What storage pool is this, I've not been able to recreate on ZFS loop backed on NVME.
If I run lxc stop -f t in a loop in one window and then launch a fresh container t in another I see:
Error: Not Found
Error: Not Found
Error: Not Found
Error: Not Found
Error: Not Found
Error: Not Found
Error: Not Found
Error: Not Found
Error: Not Found
Error: Not Found
Error: Not Found
Error: Not Found
Error: The instance is already stopped
Error: The instance is already stopped
Error: The instance is already stopped
Error: The instance is already stopped
Error: The instance is already stopped
Error: The instance is already stopped
Error: The instance is already stopped
Error: The instance is already stopped
Error: The instance is already stopped
Error: The instance is already stopped
Error: The instance is already stopped
Error: The instance is already stopped
Error: The instance is already stopped
Error: The instance is already stopped
Error: The instance is already stopped
Error: The instance is already stopped
Error: The instance is already stopped
Error: Instance is busy running a "start" operation
Try `lxc info --show-log t` for more info
Error: The instance is already stopped
Error: The instance is already stopped
Error: The instance is already stopped
Error: The instance is already stopped
Error: The instance is already stopped
Error: The instance is already stopped
Which is what I would expect to see.
It's on a zpool backed by a NVME partition.
$ lxc storage list
+---------+--------+---------+-------------+---------+---------+
| NAME | DRIVER | SOURCE | DESCRIPTION | USED BY | STATE |
+---------+--------+---------+-------------+---------+---------+
| default | zfs | default | | 13 | CREATED |
+---------+--------+---------+-------------+---------+---------+
$ lxc storage show default
config:
source: default
volatile.initial_source: /dev/nvme0n1p6
zfs.pool_name: default
description: ""
name: default
driver: zfs
used_by:
- /1.0/images/39c55b257dc40e812cc1431e04eb1c883b03c349b67fbffb3300d76e42c36176
- /1.0/images/45e0432a28176ae29a29869cd667f87f633c00ef819804ecfb721f82c5acc995?project=charmcraft
- /1.0/images/6abc292fe3f02ad2218127926cda5dba31c6f2f0f21fc929157a2c7051c16f17
- /1.0/images/ae2a19ee7bc7f3b21cf7e529c51c5138ae1b99cbd0186265726c4265c1827303
...
- /1.0/profiles/default
- /1.0/profiles/default?project=charmcraft
status: Created
locations:
- none
Must be extremely fast as I cannot reproduce on my NVME ZFS partition either :(
Extremely fast outta be relative as the machine is from 2016 ;)
Extremely fast outta be relative as the machine is from 2016 ;)
That new ;)
I can theorise that there is a very small race potential here:
https://github.com/lxc/lxd/blob/42bd6dcf91aa3fb0ae4a2ece1ff9c0c1fadd6a98/lxd/instance/operationlock/operationlock.go#L119-L126
Called from Start():
https://github.com/lxc/lxd/blob/master/lxd/instance/drivers/driver_lxc.go#L2355-L2369
and Stop():
https://github.com/lxc/lxd/blob/master/lxd/instance/drivers/driver_lxc.go#L2614-L2624
Such that both Start and Stop both think there is no existing operation and both call Create.
Although the lock in Create should still catch it:
https://github.com/lxc/lxd/blob/42bd6dcf91aa3fb0ae4a2ece1ff9c0c1fadd6a98/lxd/instance/operationlock/operationlock.go#L59-L74
Which is what I see in my tests:
Error: Instance is busy running a "start" operation
I'm happy to run any debug binary you feed me or give you SSH access (to my museum piece) if that's more convenient ;)
Can you get me the debug log output when you see this happening please.
Not sure, it is related, as all attention here goes toward storage.
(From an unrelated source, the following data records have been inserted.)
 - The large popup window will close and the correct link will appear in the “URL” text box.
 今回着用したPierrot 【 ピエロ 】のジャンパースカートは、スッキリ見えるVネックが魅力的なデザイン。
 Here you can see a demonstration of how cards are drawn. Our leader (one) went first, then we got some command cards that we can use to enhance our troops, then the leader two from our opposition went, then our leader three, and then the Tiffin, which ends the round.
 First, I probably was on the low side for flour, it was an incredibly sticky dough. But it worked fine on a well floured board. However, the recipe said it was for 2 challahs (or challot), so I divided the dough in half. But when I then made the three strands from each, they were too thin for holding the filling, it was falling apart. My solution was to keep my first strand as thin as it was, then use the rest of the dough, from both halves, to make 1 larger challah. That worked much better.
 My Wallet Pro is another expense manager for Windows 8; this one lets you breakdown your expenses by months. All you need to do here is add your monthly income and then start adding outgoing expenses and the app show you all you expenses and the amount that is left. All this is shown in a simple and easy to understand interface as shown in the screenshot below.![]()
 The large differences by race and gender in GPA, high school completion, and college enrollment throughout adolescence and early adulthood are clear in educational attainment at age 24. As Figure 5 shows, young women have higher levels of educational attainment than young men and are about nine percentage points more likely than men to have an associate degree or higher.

Sounds strange, but an immediate stopping or deleting instance after creation failed in my case, as long as instance was struggling to obtain IP from DHCP server.
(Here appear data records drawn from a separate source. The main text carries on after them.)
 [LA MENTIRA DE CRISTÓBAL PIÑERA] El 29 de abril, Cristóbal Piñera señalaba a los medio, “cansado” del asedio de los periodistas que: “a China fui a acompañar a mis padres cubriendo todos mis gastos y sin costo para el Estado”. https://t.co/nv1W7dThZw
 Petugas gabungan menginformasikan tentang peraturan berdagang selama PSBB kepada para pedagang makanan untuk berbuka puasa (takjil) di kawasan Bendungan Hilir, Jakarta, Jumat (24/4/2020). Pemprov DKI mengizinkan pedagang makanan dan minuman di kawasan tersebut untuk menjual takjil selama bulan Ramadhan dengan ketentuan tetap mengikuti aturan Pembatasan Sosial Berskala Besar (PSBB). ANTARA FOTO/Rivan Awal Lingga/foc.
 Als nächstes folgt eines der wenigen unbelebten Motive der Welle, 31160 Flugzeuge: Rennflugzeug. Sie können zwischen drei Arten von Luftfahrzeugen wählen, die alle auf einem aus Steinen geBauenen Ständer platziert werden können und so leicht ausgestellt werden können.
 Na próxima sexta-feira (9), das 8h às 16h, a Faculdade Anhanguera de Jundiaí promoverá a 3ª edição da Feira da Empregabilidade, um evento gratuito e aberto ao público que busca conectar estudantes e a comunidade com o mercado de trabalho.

I cannot reproduce after snap set lxd daemon.debug=true and systemctl restart snap.lxd.daemon :/
After unset daemon.debug plus lxd restart, I can no longer reproduce it.
Whatever it was, I can no longer reproduce it. I will reopen if it happens again. Thanks Tom.
I just got into a state where this happens constistently. This happened after i was creating => starting => destroying containers in an automated testsuite. I'm not sure what gets me into this state, but restarting the LXD daemon "fixes" this issue.
$> lxc launch testing testing && lxc delete -f testing
Creating testing
Starting testing
Error: Stopping the instance failed: Failed unmounting instance: In use
It will show this error, but the instance will still be deleted.
Sometimes i can see this error in the logs, maybe it's of use:
Every 1.0s: lxc info testing --show-log balance: Thu Sep 8 23:03:02 2022
Name: testing
Status: STOPPED
Type: container
Architecture: x86_64
Created: 2022/09/08 23:02 CEST
Last Used: 2022/09/08 23:02 CEST
Log:
lxc 20220908210259.562 ERROR af_unix - ../src/lxc/af_unix.c:lxc_abstract_unix_recv_fds_iov:218 - Connection reset by peer - Failed to receive response
lxc 20220908210259.562 ERROR commands - ../src/lxc/commands.c:lxc_cmd_rsp_recv_fds:128 - Failed to receive file descriptors for command "get_state"
I'm running arch with with LXD community/lxd 5.5-1 with a dir storage pool.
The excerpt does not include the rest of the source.